Não me julguem em fim de linha. A minha obsessão com a morte às vezes causa enorme confusão. Sigo firme. Atento e forte. E com muito tempo para temer a morte. Mudei muito. E não mudei nada. O mundo é que mudou demais. Sou obrigado a me virar para não ficar anacrônico e tenho cá minhas resistências. Às vezes percebo que estou mais perto de meu avô que de meus filhos, culturalmente falando.
A vida não foi avara comigo. Deu-me afetos, deu-me filhos, Rubens e Izabel, um neto, Antônio. Melhor não poderiam ser. Deu-me amigos. É verdade que dos contemporâneos, quase todo mundo morreu. Sou um sobrevivente. E quando encontro outro de minha época que ainda respira, não nos queixamos de dores e que tais. Maldizemos os escombros de valores mortos.
Dói. Tenho saudade da luta, da ação, do protesto, mas isso de quando ansiávamos por liberdade e acreditávamos na utopia. Hoje, os déspotas apedeutas são alçados à condição de heróis. O debate foi pasteurizado. E a logorréia medíocre do politicamente correto escorre da internet.
É claro que de minha meninez aos dias de hoje houve mudanças fantásticas. Durante a minha existência o mundo mudou mais do que em todos os séculos anteriores. As melhorias que mais me espantam são as da Medicina, que reduzem as dores e prolongam a vida. Minha tolerância para a dor é baixíssima. Adoro tomar remédios. Sofro de artrite reumatoide e tenho grande consideração pela morfina. Nos casos extremos, pela cortisona.
Reconheço que a tolerância aumentou. Não só em relação a ideias, mas a gêneros e comportamentos. Surgiu uma sociedade mais rica e mais próspera. Alcançamos o conforto que a sociedade industrial proporciona. Tudo bem, como dizem as almas parvas, mas estes ganhos materiais não correspondeu uma sabedoria mais alta nem uma cultura mais profunda. Houve uma regressão.
Eu penso que levei azar em pegar os anos do regime fardado e suas consequências. Mas tenho de considerar a sorte de ter vivido os anos de nossa pequena e tardia idade das luzes.
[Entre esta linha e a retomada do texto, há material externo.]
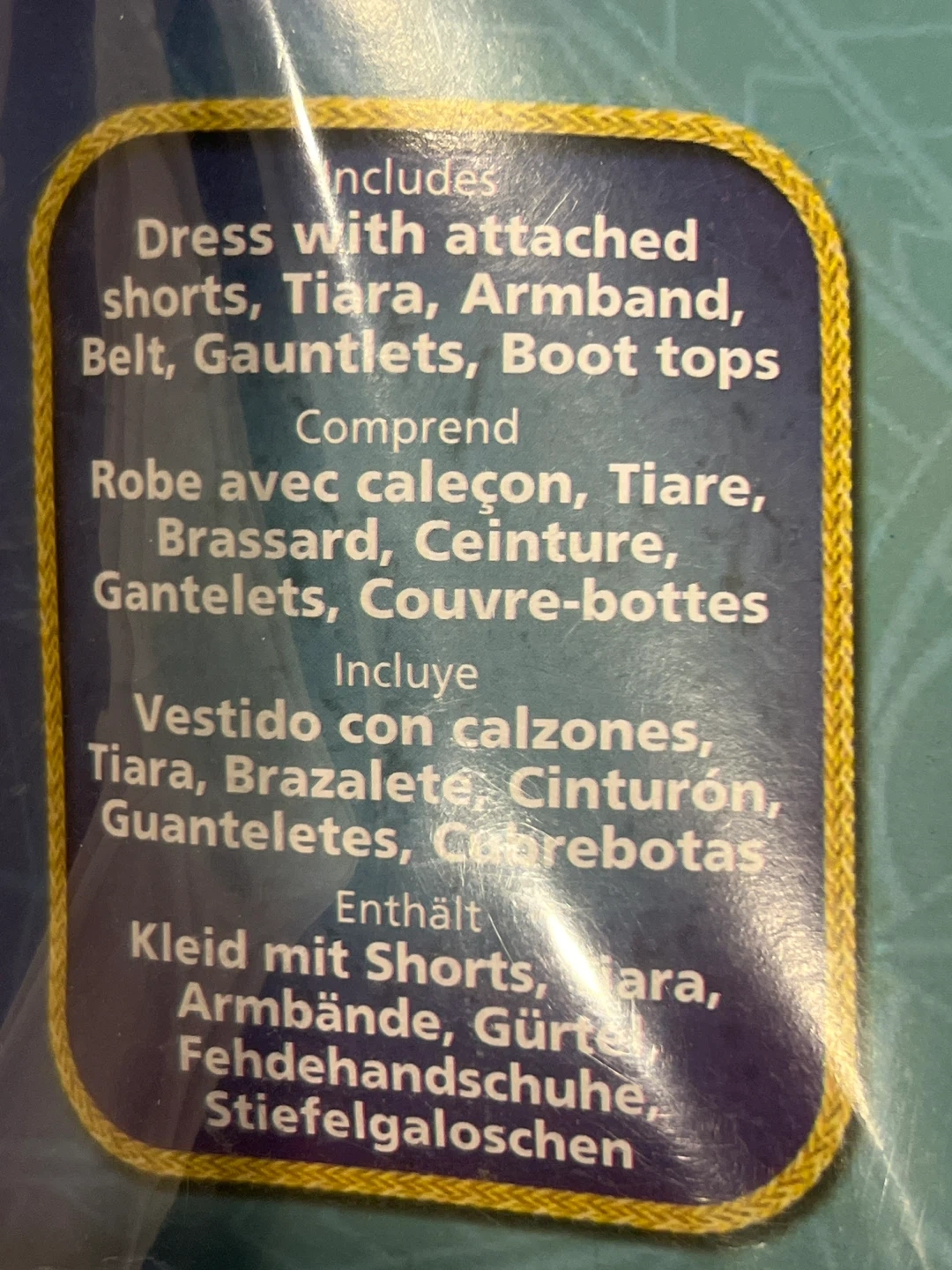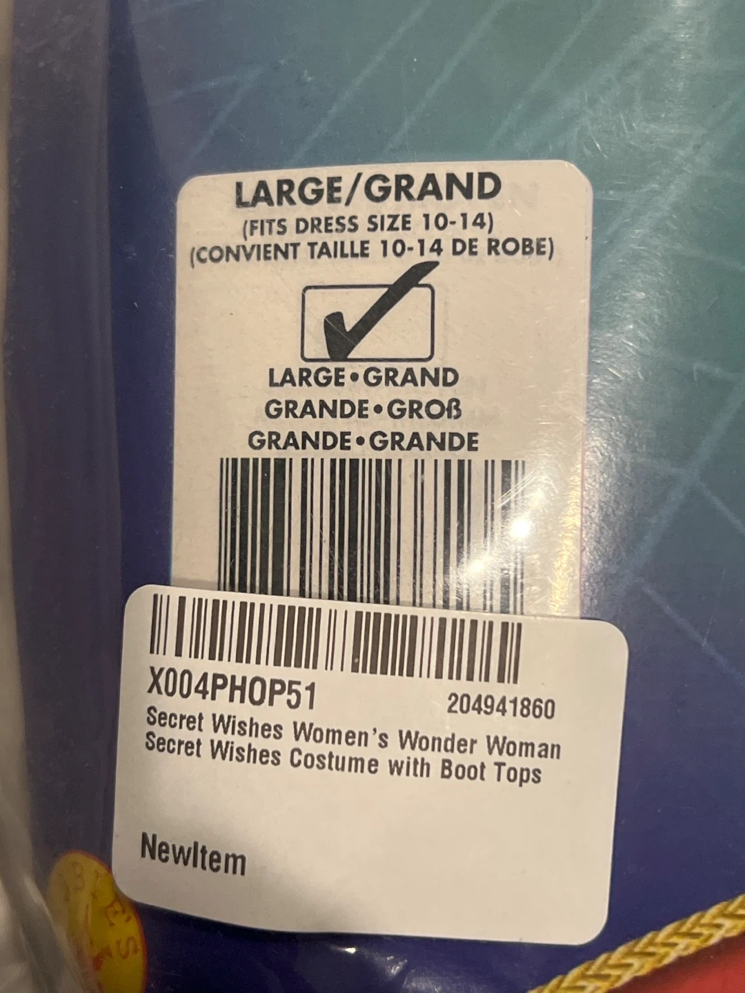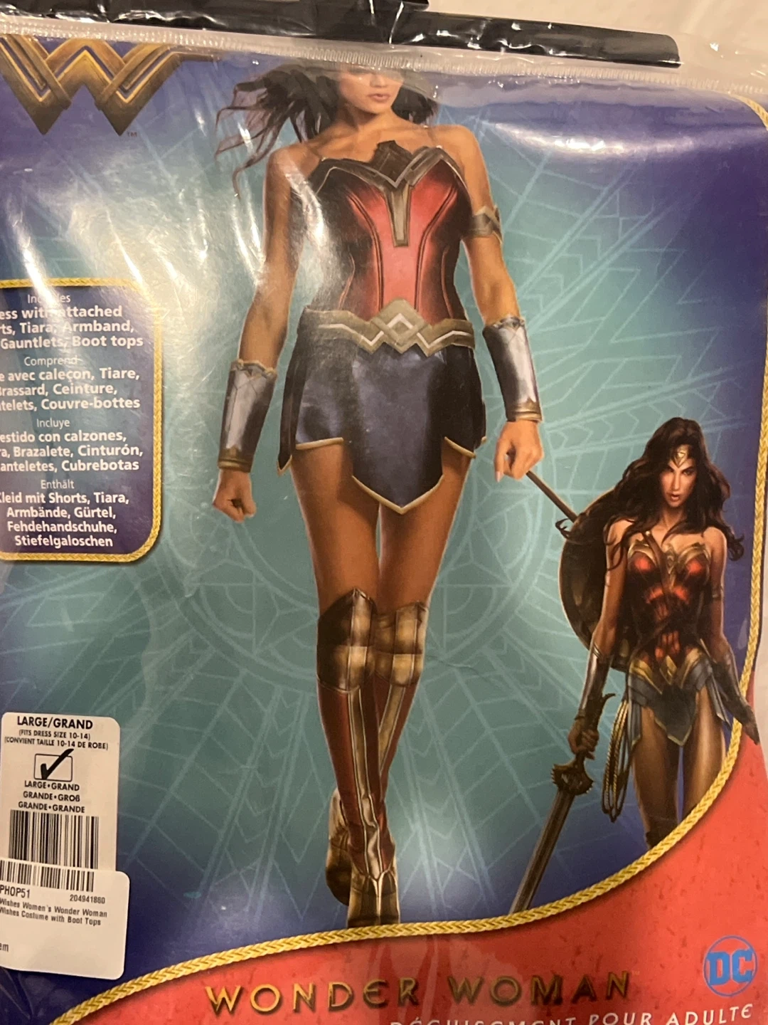 This Secret Wishes Women's Wonder Woman costume includes a dress with attached shorts, tiara, armband, belt, gauntlets, and boot tops. It's a size Large, fitting dress sizes 10-14. Perfect for costume parties or Halloween!

O cinema novo, a bossa nova, o teatro, aquela inteligência toda concentrada em produzir arte ainda hoje insuperada. Não havia a parafernália digital de hoje. Mas a vida produzia arte, poesia e a interlocução era cara a cara.
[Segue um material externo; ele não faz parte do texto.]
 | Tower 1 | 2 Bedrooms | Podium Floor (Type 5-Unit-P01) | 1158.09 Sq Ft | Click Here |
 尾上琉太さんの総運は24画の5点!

Vivemos mais anos, mas são anos ocos, vazios. O plano espiritual é desolador. Renascimento das seitas, das superstições, a degradação do erotismo, o prazer a serviço do comércio, a liberdade convertida em alcagueta dos meios de comunicação.
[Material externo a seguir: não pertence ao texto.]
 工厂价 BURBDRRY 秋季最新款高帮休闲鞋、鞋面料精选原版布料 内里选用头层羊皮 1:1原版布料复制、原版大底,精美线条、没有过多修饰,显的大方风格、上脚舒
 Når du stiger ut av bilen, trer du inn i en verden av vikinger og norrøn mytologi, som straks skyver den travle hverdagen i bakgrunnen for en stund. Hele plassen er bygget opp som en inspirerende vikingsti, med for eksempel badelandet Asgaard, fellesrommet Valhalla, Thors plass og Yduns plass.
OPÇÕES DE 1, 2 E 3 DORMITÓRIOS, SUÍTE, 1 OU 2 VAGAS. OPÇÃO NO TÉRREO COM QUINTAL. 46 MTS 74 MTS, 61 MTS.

Tive um único ofício em minha vida. Escrever. Jornalista, crítico, contista, publicitário, marqueteiro, novelista, até poeta, o que fiz foi escrever. Tudo o mais foi decorrência. Na saúde e na doença, na riqueza e na miséria, o que fiz foi escrever. Para o bem e para o mal.
Tenho defeitos incorrigíveis a esta altura. Não sei perder. Não sei perdoar. Faço escolhas movidas por sentimentos menores, como orgulho e vaidade. Da inveja estou livre, a minha soberba não permite. Tenho um grande desprezo pela glorificação falsa das igrejinhas. Mas minto se disser que não me sobe uma ponta de vaidade quando encontro uma crítica simpática.
Sou um poço de contradições. Preciso de solidão. Sou um conversador que ama o silêncio. Meus amigos não entendem minhas desaparições. Me fazem falta os mais chegados que se foram. Eu os invoco na memória, na leitura, mas gostaria da conversa da madrugada, aquela que só desenrola na madrugada.
É hora de encerrar esta jeremíada. Tanta gente, tanta coisa, tanto tempo. Não vale a pena chorar sobre o leite derramado. E já nem sei mais o que é este texto, que seria mínimo, minúsculo, e me escapou desta forma, inspirado em chão de estrelas, palhaço das perdidas ilusões.